Omfg I am plowed. Had drinks with 3 milfs. Going out on their boat tomorrow. They want to show me how buoyant they are.
I woke up this morning with my shirt on upside down.
You mean inside out.
No, upside down. I ripped the neck hole in the process of getting it around my waist.
I almost didn't recognize her with a shirt on.
you'll never believe how fucking awesome rain man is when you're stoned.
Oh my god my life; so much cake and so little sex
when i got home i made myself toast with butter & put pasta on it. I know this cause it's all over my bed.
Dude i'm seriously thinking about his nipples.
Sorry for walking in on you guys last night. FYI I have a bruise on my forehead from having the door slammed in my face. I deserved it.
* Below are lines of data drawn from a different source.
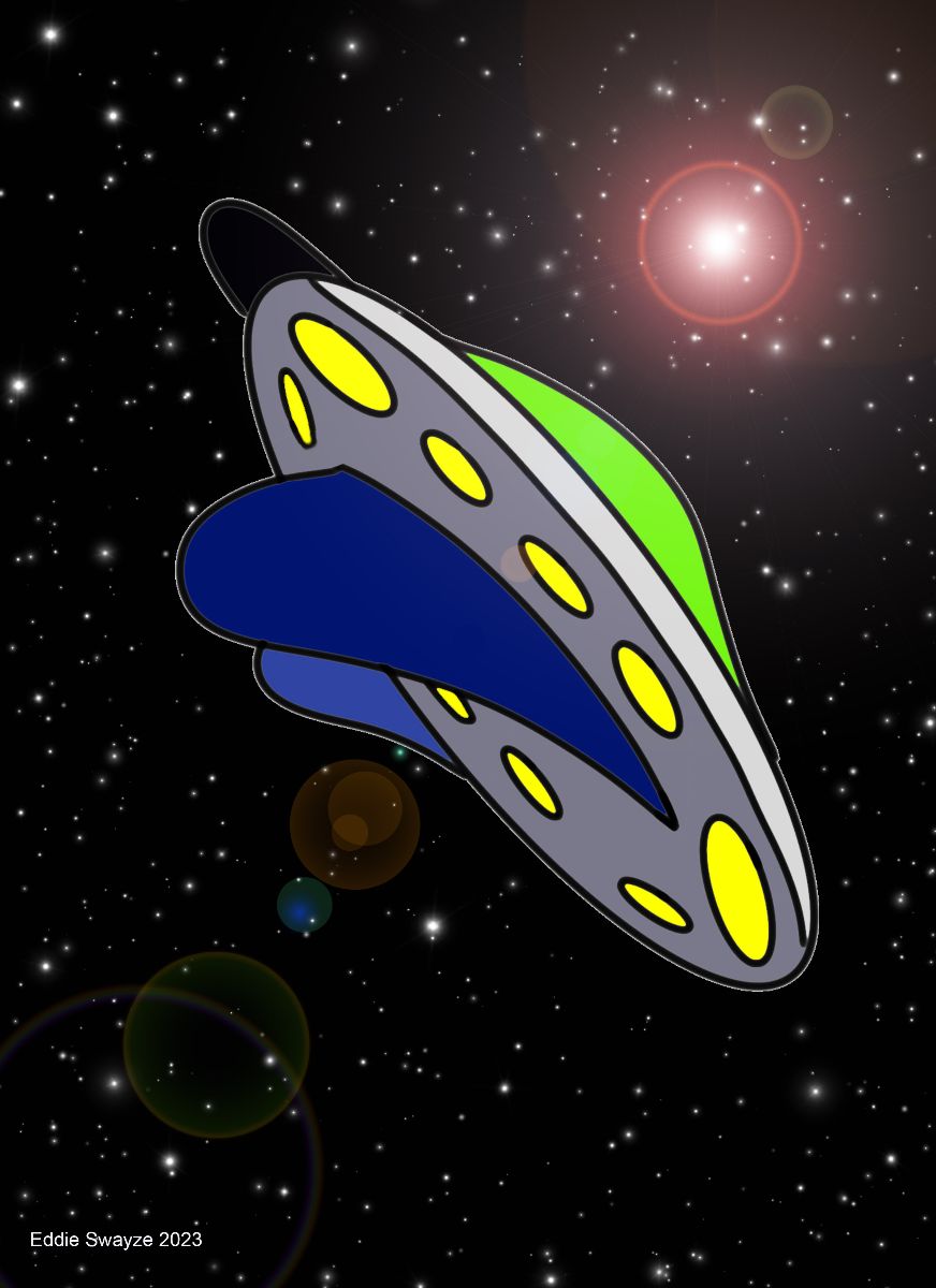 Cartoon of an alien spacecraft, surrounded by stars with one bright lens flare at upper right of the whole image.
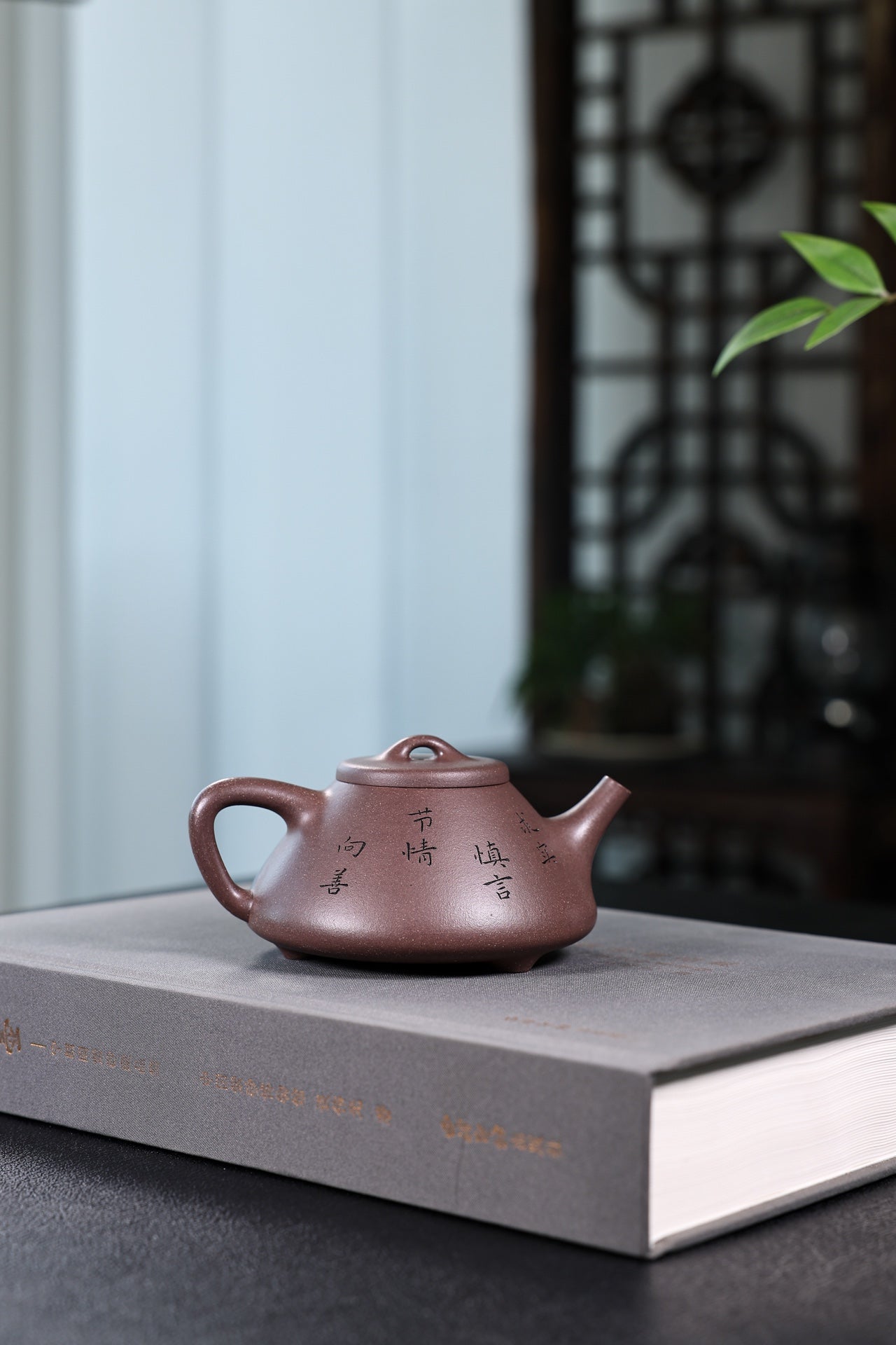 此壶做工精雅,器身陶刻书铭,以写意风格刻画出醇厚浑融的金石味道,融合子冶独有的清隽之气,颇有出尘之意。
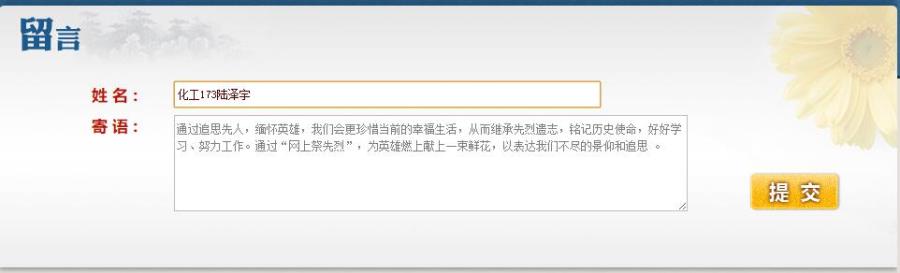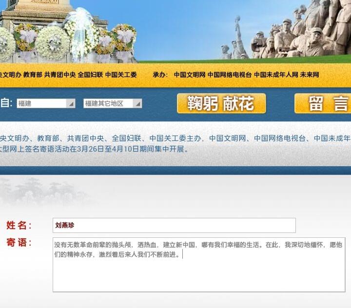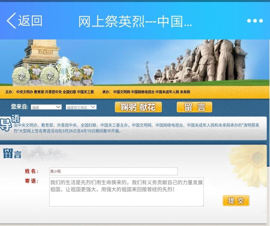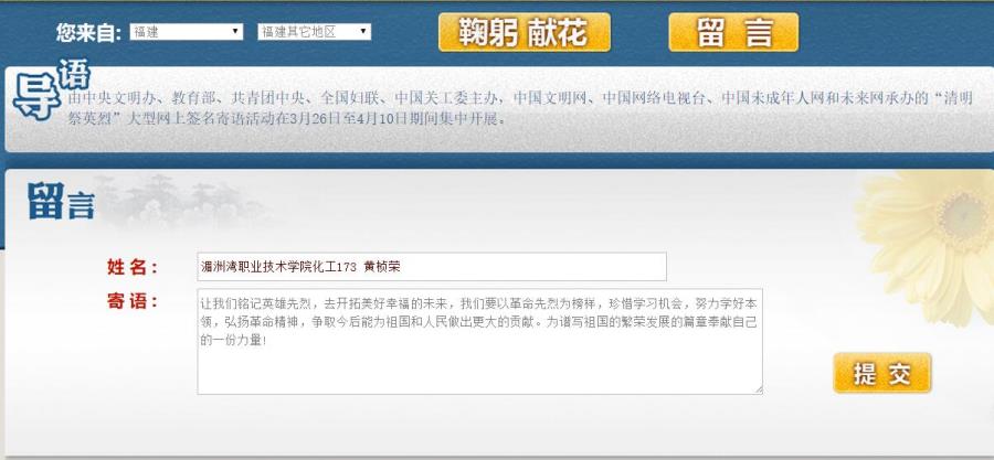 清明前后,我系组织学生开展了“网上祭英烈”活动。活动有效地将网络教育和革命传统教育结合在一起,通过网络浏览革命先烈的英雄事迹,让学生了解了先烈们的抛头颅洒热血的英雄事迹,同时通过网络上鞠躬献花、抒写感言寄语的方式缅怀先烈。

I saw he had me in his phone as "the fat twin"
Why the fuck did I wake up in a chair with mouth clamps?!
DAMMIT. BOHEMIAN RHAPSODY IS GONNA GET STUCK IN MY HEAD AGAIN. FUCK YOU OLYMPICS.
Duuuuuuuude, I need you to sleep with my girlfriend so I can tell you both to move out
Please tell me you werent the one who replaced every beer bottle in my fridge with a picture of a baby kitten.
... and if i was..
Are you still free tonight?
Oh shit I kinda forgot and took acid
The man who almost made us Eskimo sisters is getting married. Of course I'll be your date. We need to toast the end of his sex life!